Weighted Correlation Network Analysis
Weighted Correlation Network Analysis (WGCNA) was performed using TPMs calculated using defined by HOMER’s analyzeRepeats.pl function. Samples’ tissue source (microglia or whole cortex), developmental age (fetal or postnatal) and gender were used as input traits. Soft threshold was set to 10 to reach 0.90 of scale free topology index when constructing the gene co-expression matrix. Minimum module size was set to 100 and maximum dissimilarity was set to 0.01 when merging modules. Module-trait correlations were computed using Pearson’s correlation, modules with correlation coefficients p>0.7 or p<-0.7 and p-value <0.05, for at least one trait, were considered as significant and subjected to functional annotation.
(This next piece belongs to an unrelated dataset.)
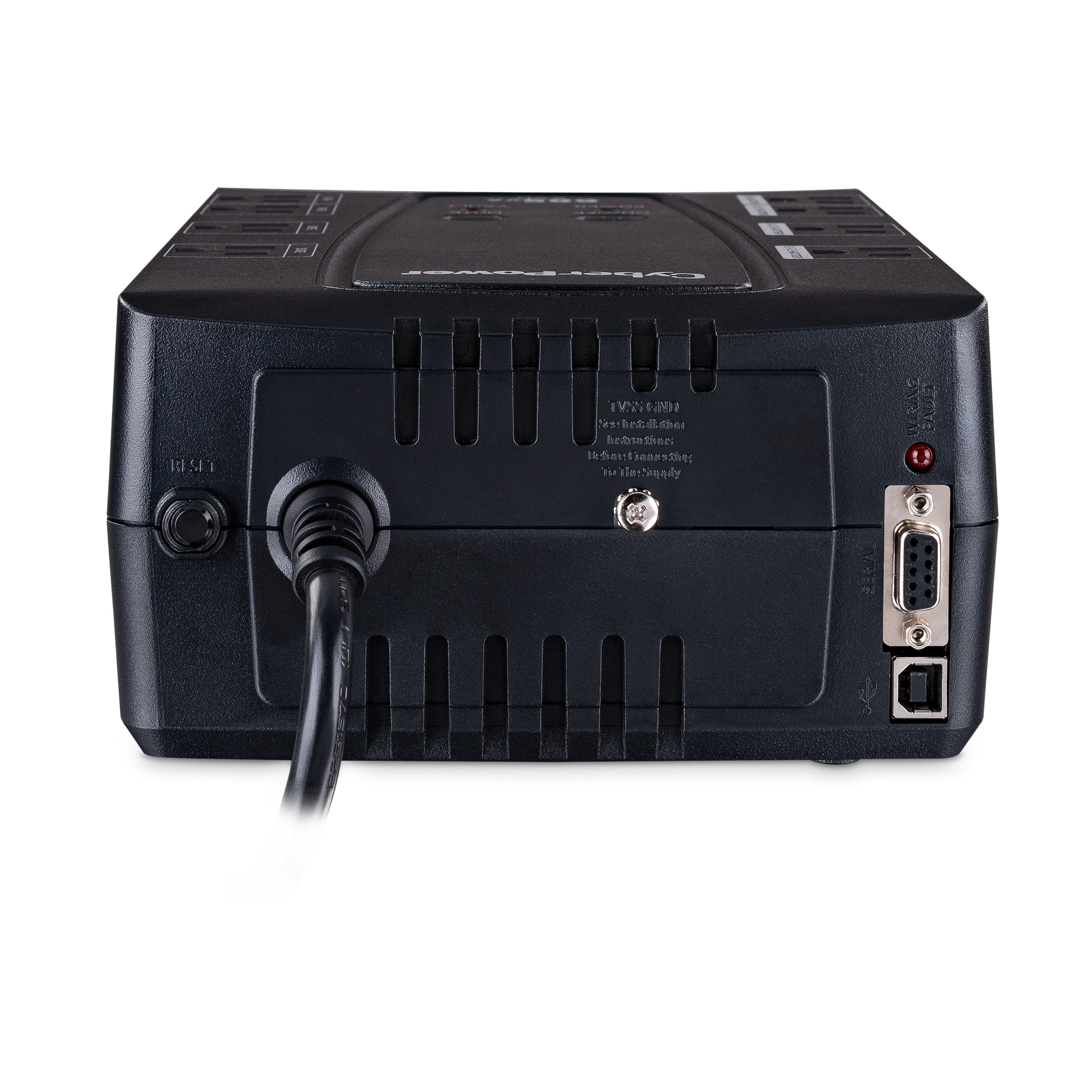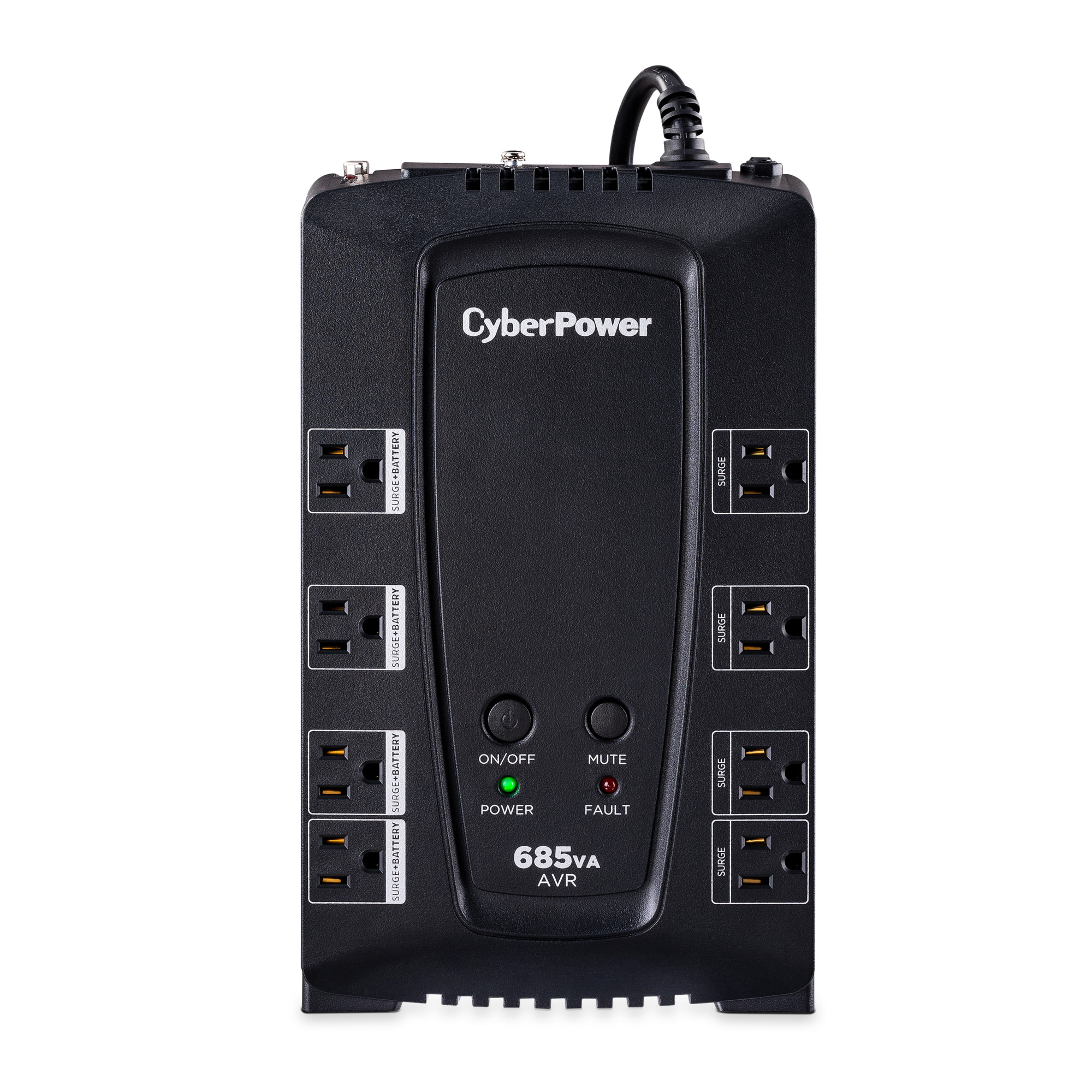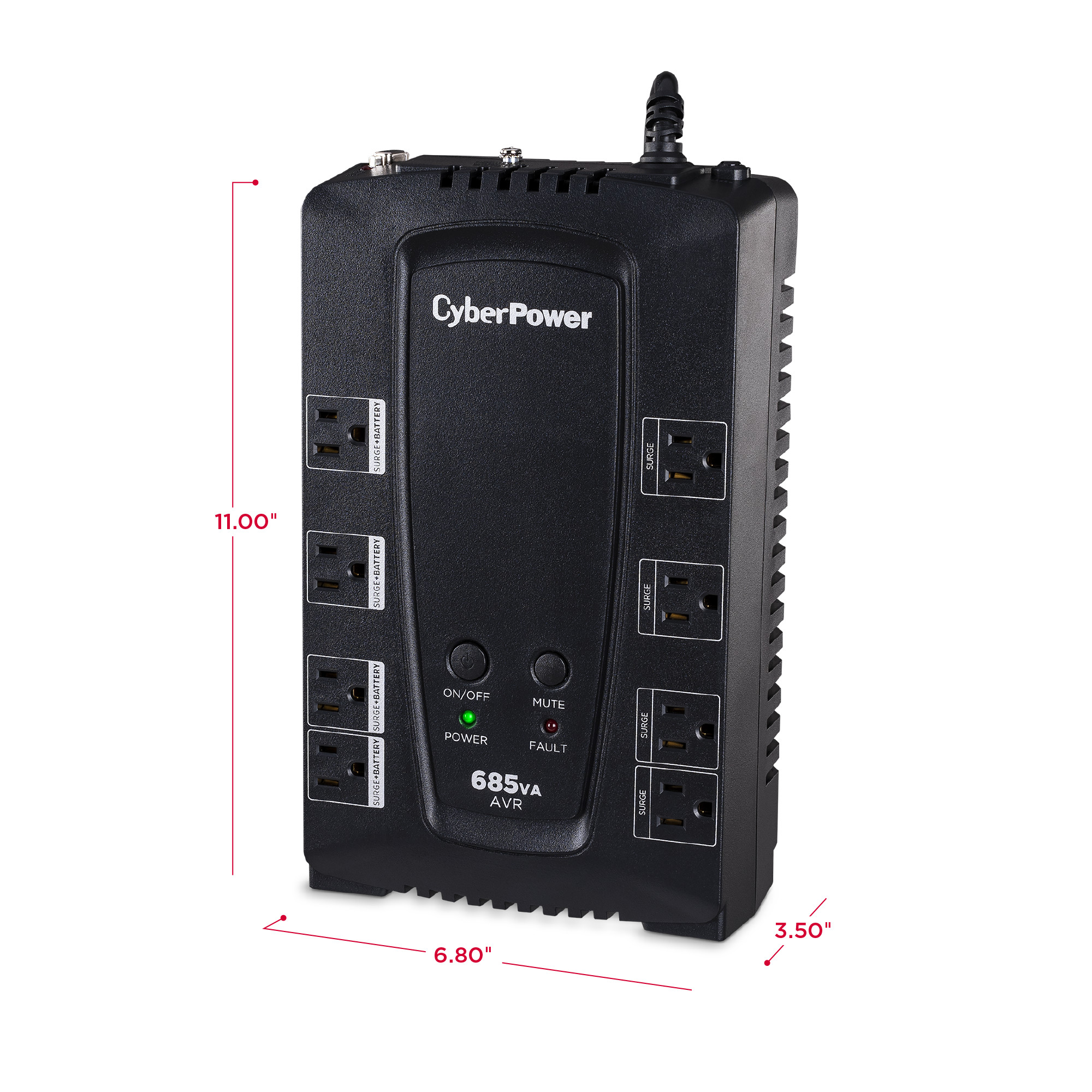 The CyberPower CP685AVRG uninterruptible power supply (UPS) system provides battery backup and surge protection for lightning-induced surges and other power events that can damage electronic equipment. This UPS, with line-interactive topology, uses simulated sine wave output to deliver battery backup to power connected electronics during a utility power failure. The unit has enough runtime to perform a graceful shutdown to protect against the loss of data and damage to valuable desktop computers, workstations, networking devices, and home entertainment systems.

Gender trait was not used in further analysis as no gene module is significantly correlated with gender. Next, we computed the Kleinberg’s hub centrality scores for genes in each significant module. We performed Gene Ontology (GO) enrichment analysis on genes in the significant modules for functional annotation. Bioconductor package topGO was used to identify significantly enriched GO terms associated with genes in each module, the p-value and q-value cutoffs were set to 0.01 and 0.05, respectively. The enriched GO terms were used to annotate each gene module.
ATAC-seq analysis
Peaks were called using HOMER’s findPeaks command with the following parameters: “-style factor -size 200 - minDist 200”. Peaks were merged with HOMER’s mergePeaks and annotated using HOMER’s annotatePeaks.pl using all tag directories. Subsequently, DESeq218 was used to identify the differentially chromatin accessible distal sites (3000bp away from known TSS) or proximal sites (<500bp away from known transcript) with p-adj < 0.05 and fold change > 2.
ChIP-seq analysis
ChIP-seq peaks were called using “findPeak” command from HOMER with the following parameters “-style histone -size 200 -L 0 -C 0 -fdr 0.9”.
Motif analysis
De novo motif analysis was performed using HOMER’s findMotifsGenome.pl with random genome sequences as background peaks. Motif enrichment scoring was performed using binomial distribution under HOMER’s framework.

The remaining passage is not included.